About
This project is a modular, node-based computational environment developed within Blender using Sverchok. It integrates data gathering, spatial analysis, generative modelling, and interactive visualisation into a single coherent workflow.
The system was developed as part of a doctoral research project focused on computational tool development for data-driven urban design.
The broader conceptual and technical development can be accessed here:
Computational Development Chapter
Conceptual Framework
The architecture is structured around a layered computational framework that organises how data, tools, and design processes interact.

It establishes a structured relationship between:
- Contextual data
- Computational toolkit
- Generative systems
- Visualisation and deployment
Rather than a linear workflow, the framework supports modular recombination and iterative loops.
Node Architecture
The node system reflects this framework and is organised into four primary domains:
- Gathering — contextual and structured data integration
- Analysing — metric computation and quantitative evaluation
- Generating — parametric transformation and geometry construction
- Visualising — interactive representation and deployment
Each domain corresponds to a distinct computational responsibility while remaining interoperable within the same node tree.

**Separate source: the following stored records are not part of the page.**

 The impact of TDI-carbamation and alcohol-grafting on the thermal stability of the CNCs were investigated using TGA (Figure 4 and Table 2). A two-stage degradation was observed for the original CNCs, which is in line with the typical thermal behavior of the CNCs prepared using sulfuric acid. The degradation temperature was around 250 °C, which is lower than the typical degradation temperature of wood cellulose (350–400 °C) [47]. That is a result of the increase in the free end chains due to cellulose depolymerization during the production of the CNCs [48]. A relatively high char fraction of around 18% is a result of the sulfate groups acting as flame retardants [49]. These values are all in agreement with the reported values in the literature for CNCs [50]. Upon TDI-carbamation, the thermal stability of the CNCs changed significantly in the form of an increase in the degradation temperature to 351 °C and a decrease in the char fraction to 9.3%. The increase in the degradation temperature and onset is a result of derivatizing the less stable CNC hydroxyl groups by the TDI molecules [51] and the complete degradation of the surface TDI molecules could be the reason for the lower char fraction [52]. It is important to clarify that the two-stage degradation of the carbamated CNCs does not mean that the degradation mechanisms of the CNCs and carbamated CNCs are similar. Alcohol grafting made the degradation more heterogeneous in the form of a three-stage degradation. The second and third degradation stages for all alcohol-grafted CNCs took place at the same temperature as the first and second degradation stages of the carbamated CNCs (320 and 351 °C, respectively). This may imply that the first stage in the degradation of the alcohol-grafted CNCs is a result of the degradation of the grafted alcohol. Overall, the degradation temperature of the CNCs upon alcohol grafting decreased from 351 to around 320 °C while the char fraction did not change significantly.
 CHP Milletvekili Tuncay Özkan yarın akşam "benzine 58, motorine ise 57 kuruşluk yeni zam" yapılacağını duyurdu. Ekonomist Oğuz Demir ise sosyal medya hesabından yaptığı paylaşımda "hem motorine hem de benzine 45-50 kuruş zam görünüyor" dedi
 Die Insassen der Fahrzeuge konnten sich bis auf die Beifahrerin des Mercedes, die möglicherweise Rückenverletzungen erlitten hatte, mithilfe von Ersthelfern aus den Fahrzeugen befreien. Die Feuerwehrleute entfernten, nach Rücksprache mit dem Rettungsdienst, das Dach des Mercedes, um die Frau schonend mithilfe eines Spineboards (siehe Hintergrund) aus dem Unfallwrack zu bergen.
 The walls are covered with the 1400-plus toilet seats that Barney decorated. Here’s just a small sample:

The structure aligns with Sverchok’s evaluation model, where nodes execute when linked, pass structured outputs downstream, and maintain explicit data typing:
Sverchok Tree Evaluation System
Scope
The environment supports:
- GIS vector and raster integration
- LiDAR and terrain processing
- Street network analysis
- Statistical and machine learning workflows
- Parametric geometry generation
- Dashboard creation and web deployment
- Interactive map-based visualisation
- VR-ready exports
It bridges computational design, spatial data science, and interactive communication inside a unified node-based ecosystem.
Development Context
The system was developed during doctoral research and evolved through iterative experimentation, tool refinement, and integration of open-source computational technologies.
Its structure reflects a synthesis of:
- GIS and spatial analytics
- Network science
- Data science workflows
- Parametric modelling
- Interactive dashboard systems
The result is a coherent computational architecture where contextual data, analytical methods, generative systems, and communicative outputs operate as distinct yet interconnected components.